# STEROID BRANDS, PROFILES, PCTURES, & REVIEWS > PICTURES OF STEROIDS > Pictures of Fake Steroids >  sustenon 250 and norma deca Fakes

## WILLinSPAIN

I have been looking all over the forum at pics of sust for weeks and can't decide it my is real, so many people with different opinons. I got everything from a relieble source face to face and this guys owns the gym in the town I live in Spain. My friend goes there to work out and to get his injections, the shit worked on him for sure.


Ok what bothers me is it has rounded labels, and the date and lote number are different on the box than on the vial.

Also I've been taking some sust for about three weeks that I got in another country that has 90 degree labels and I haven't gained a single f#@kin pound. My diet is good so please don't ask!

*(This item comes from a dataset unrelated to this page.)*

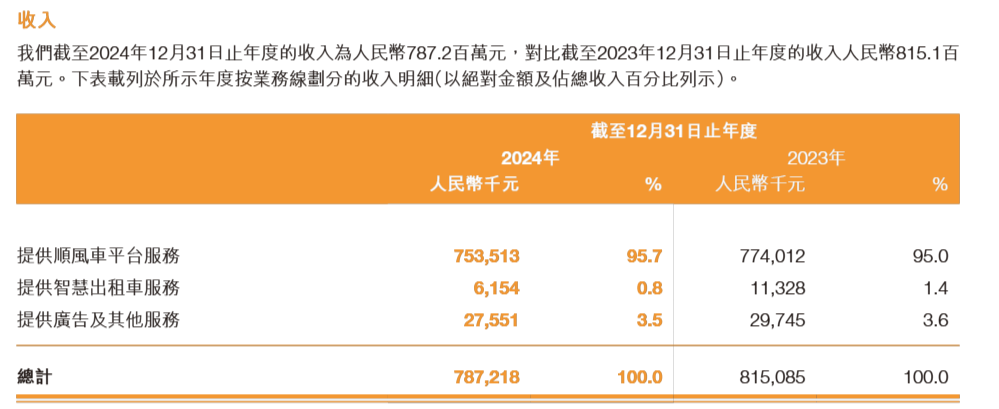 4月29日,嘀嗒出行(02559.HK)发布2024年年报:过去一年公司实现营业收入7.87亿元,同比下降3.4%。其中,全年提供顺风车平台服务的收入7.54亿元,占到公司总营收的95.7%,比2023年提升0.7个百分点;提供智慧出租车服务的收入萎缩到615.4万元,2023年为1132.8万元。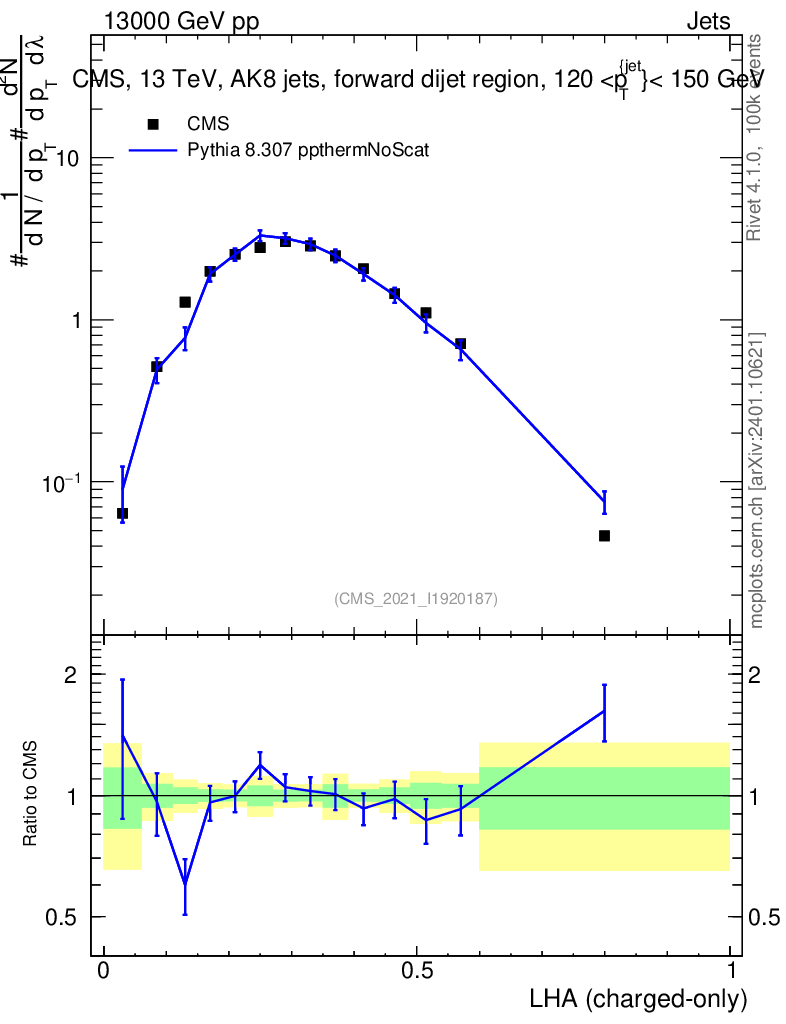 Lines: data, pythia8 8.307 ppthermNoScat |

Oh the deca is good right?

Thanks for any help on this!

----------


## hollaatyoboy

the only thing that worries into thiking that the deca is fake is the top

----------


## spiderweb

i have the same sus...just posted earlier, trying to find out if my is good also...havent shot it yet...

----------


## spiderweb

holla, what do you think about the sus?

----------


## hollaatyoboy

never have used it but from what i seen they look legit but i would get another opinoin before you start sticking urself

----------


## anabolic_juicer

The deca top should not look like that. I went through tons of these and never got one with a top like that. As for the sus I'm not to sure on that one.
And I don't know if its me or not but the liquid in the deca looks clear like water. I never seen that before either. It looks like the stopper in the top is grey also, If it is the real ones should come with a black stopper. If you peel the label on one of the decas the NORMA logo should be painted on the glass also. Some fakes have the logo on the back of the label. IMO I would say they are fake.

----------


## meatfly

if u look closely u can see the norm printed on the bottle but its in blue the ones i get it is in red. the top is different also

----------


## Geriguy

The deca is fake for sure.
Wrong top...

----------


## Geriguy

The sust is also fake...
Organon never cover the lot number with the label

----------


## dutchbodybuilder

Agreed, both fake, where did you buy them? The same supplier? I'd like to order some samples of those, complete with boxes, rare. That supplier will surely have more interesting counterfeits.

----------


## juicy_brucy

those are good looking fakes. send them to dutch. He'll let ya know everything about them. too bad though.
sorry about your luck.

----------


## ticker502

Those are real. Im in the middle of cycle using Deca and Sustanon 250 using the exact same stuff. I can almost guarantee they are real. My gear looks the exact same. Unless you got it from unreliable source than you got the real thing. Dont let the looks tell you its fake cause its not.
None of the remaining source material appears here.